Output the data below exactly, down to the last character.

[Saved entries]
● ● ● ● ● ● ●

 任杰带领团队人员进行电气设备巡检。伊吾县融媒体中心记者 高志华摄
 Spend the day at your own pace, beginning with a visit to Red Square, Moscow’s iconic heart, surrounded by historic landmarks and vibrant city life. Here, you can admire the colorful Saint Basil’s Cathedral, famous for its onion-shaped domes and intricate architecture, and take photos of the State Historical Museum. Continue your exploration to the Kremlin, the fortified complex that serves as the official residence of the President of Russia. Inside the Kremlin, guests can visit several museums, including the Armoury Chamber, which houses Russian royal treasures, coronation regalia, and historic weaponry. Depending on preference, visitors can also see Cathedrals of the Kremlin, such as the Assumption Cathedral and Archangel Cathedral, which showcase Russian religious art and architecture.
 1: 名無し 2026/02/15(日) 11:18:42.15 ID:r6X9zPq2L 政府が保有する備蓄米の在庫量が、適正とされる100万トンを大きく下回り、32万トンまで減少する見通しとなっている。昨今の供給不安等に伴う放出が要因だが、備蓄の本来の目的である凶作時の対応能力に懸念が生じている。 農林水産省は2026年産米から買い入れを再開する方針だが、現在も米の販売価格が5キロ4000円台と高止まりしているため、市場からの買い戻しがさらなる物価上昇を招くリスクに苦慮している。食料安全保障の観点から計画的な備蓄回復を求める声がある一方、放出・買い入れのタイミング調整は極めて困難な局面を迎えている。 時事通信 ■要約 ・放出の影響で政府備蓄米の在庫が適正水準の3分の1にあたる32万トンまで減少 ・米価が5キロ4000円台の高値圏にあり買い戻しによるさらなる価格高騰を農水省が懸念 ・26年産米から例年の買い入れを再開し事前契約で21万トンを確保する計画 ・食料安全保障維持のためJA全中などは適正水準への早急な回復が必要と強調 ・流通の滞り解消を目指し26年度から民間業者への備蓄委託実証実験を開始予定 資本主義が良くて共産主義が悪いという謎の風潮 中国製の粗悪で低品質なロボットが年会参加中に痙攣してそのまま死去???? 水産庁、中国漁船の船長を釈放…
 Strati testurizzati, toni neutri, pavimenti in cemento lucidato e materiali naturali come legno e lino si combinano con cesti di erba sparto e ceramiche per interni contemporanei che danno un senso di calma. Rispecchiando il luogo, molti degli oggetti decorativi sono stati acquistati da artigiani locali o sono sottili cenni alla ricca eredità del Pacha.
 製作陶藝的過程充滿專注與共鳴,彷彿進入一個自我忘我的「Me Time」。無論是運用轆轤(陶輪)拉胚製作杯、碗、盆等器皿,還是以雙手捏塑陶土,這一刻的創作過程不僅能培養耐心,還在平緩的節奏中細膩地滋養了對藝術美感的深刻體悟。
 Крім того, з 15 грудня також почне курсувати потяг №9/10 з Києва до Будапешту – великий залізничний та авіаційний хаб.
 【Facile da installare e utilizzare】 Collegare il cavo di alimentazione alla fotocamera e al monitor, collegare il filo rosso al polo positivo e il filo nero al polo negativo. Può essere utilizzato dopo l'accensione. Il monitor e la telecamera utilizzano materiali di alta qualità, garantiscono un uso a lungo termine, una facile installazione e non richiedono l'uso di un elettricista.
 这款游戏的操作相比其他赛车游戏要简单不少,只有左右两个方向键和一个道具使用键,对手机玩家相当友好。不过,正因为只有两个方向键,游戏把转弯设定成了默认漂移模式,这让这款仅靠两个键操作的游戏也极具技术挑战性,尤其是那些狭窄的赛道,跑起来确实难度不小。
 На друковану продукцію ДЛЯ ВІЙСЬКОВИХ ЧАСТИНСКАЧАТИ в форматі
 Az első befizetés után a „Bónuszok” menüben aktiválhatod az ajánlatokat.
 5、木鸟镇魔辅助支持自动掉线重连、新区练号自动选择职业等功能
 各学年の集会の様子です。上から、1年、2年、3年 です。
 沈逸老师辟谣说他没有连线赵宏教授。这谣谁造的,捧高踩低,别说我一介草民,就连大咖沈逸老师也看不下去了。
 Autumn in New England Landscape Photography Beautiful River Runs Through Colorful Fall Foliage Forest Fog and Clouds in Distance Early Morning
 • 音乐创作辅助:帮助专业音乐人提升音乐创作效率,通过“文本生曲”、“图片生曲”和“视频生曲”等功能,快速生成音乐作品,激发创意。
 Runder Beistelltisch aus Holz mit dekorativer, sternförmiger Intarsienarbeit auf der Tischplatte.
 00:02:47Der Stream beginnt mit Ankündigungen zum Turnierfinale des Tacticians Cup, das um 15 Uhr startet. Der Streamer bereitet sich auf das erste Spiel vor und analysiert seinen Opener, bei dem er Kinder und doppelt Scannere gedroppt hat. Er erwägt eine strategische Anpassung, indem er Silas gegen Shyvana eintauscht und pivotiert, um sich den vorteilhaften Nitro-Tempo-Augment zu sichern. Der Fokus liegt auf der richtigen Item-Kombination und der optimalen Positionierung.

● ● ● ● ● ● ●

■ **Output for this exercise**
 任杰带领团队人员进行电气设备巡检。伊吾县融媒体中心记者 高志华摄
 Spend the day at your own pace, beginning with a visit to Red Square, Moscow’s iconic heart, surrounded by historic landmarks and vibrant city life. Here, you can admire the colorful Saint Basil’s Cathedral, famous for its onion-shaped domes and intricate architecture, and take photos of the State Historical Museum. Continue your exploration to the Kremlin, the fortified complex that serves as the official residence of the President of Russia. Inside the Kremlin, guests can visit several museums, including the Armoury Chamber, which houses Russian royal treasures, coronation regalia, and historic weaponry. Depending on preference, visitors can also see Cathedrals of the Kremlin, such as the Assumption Cathedral and Archangel Cathedral, which showcase Russian religious art and architecture.
 1: 名無し 2026/02/15(日) 11:18:42.15 ID:r6X9zPq2L 政府が保有する備蓄米の在庫量が、適正とされる100万トンを大きく下回り、32万トンまで減少する見通しとなっている。昨今の供給不安等に伴う放出が要因だが、備蓄の本来の目的である凶作時の対応能力に懸念が生じている。 農林水産省は2026年産米から買い入れを再開する方針だが、現在も米の販売価格が5キロ4000円台と高止まりしているため、市場からの買い戻しがさらなる物価上昇を招くリスクに苦慮している。食料安全保障の観点から計画的な備蓄回復を求める声がある一方、放出・買い入れのタイミング調整は極めて困難な局面を迎えている。 時事通信 ■要約 ・放出の影響で政府備蓄米の在庫が適正水準の3分の1にあたる32万トンまで減少 ・米価が5キロ4000円台の高値圏にあり買い戻しによるさらなる価格高騰を農水省が懸念 ・26年産米から例年の買い入れを再開し事前契約で21万トンを確保する計画 ・食料安全保障維持のためJA全中などは適正水準への早急な回復が必要と強調 ・流通の滞り解消を目指し26年度から民間業者への備蓄委託実証実験を開始予定 資本主義が良くて共産主義が悪いという謎の風潮 中国製の粗悪で低品質なロボットが年会参加中に痙攣してそのまま死去???? 水産庁、中国漁船の船長を釈放…
 Strati testurizzati, toni neutri, pavimenti in cemento lucidato e materiali naturali come legno e lino si combinano con cesti di erba sparto e ceramiche per interni contemporanei che danno un senso di calma. Rispecchiando il luogo, molti degli oggetti decorativi sono stati acquistati da artigiani locali o sono sottili cenni alla ricca eredità del Pacha.
 製作陶藝的過程充滿專注與共鳴,彷彿進入一個自我忘我的「Me Time」。無論是運用轆轤(陶輪)拉胚製作杯、碗、盆等器皿,還是以雙手捏塑陶土,這一刻的創作過程不僅能培養耐心,還在平緩的節奏中細膩地滋養了對藝術美感的深刻體悟。
 Крім того, з 15 грудня також почне курсувати потяг №9/10 з Києва до Будапешту – великий залізничний та авіаційний хаб.
 【Facile da installare e utilizzare】 Collegare il cavo di alimentazione alla fotocamera e al monitor, collegare il filo rosso al polo positivo e il filo nero al polo negativo. Può essere utilizzato dopo l'accensione. Il monitor e la telecamera utilizzano materiali di alta qualità, garantiscono un uso a lungo termine, una facile installazione e non richiedono l'uso di un elettricista.
 这款游戏的操作相比其他赛车游戏要简单不少,只有左右两个方向键和一个道具使用键,对手机玩家相当友好。不过,正因为只有两个方向键,游戏把转弯设定成了默认漂移模式,这让这款仅靠两个键操作的游戏也极具技术挑战性,尤其是那些狭窄的赛道,跑起来确实难度不小。
 На друковану продукцію ДЛЯ ВІЙСЬКОВИХ ЧАСТИНСКАЧАТИ в форматі
 Az első befizetés után a „Bónuszok” menüben aktiválhatod az ajánlatokat.
 5、木鸟镇魔辅助支持自动掉线重连、新区练号自动选择职业等功能
 各学年の集会の様子です。上から、1年、2年、3年 です。
 沈逸老师辟谣说他没有连线赵宏教授。这谣谁造的,捧高踩低,别说我一介草民,就连大咖沈逸老师也看不下去了。
 Autumn in New England Landscape Photography Beautiful River Runs Through Colorful Fall Foliage Forest Fog and Clouds in Distance Early Morning
 • 音乐创作辅助:帮助专业音乐人提升音乐创作效率,通过“文本生曲”、“图片生曲”和“视频生曲”等功能,快速生成音乐作品,激发创意。
 Runder Beistelltisch aus Holz mit dekorativer, sternförmiger Intarsienarbeit auf der Tischplatte.
 00:02:47Der Stream beginnt mit Ankündigungen zum Turnierfinale des Tacticians Cup, das um 15 Uhr startet. Der Streamer bereitet sich auf das erste Spiel vor und analysiert seinen Opener, bei dem er Kinder und doppelt Scannere gedroppt hat. Er erwägt eine strategische Anpassung, indem er Silas gegen Shyvana eintauscht und pivotiert, um sich den vorteilhaften Nitro-Tempo-Augment zu sichern. Der Fokus liegt auf der richtigen Item-Kombination und der optimalen Positionierung.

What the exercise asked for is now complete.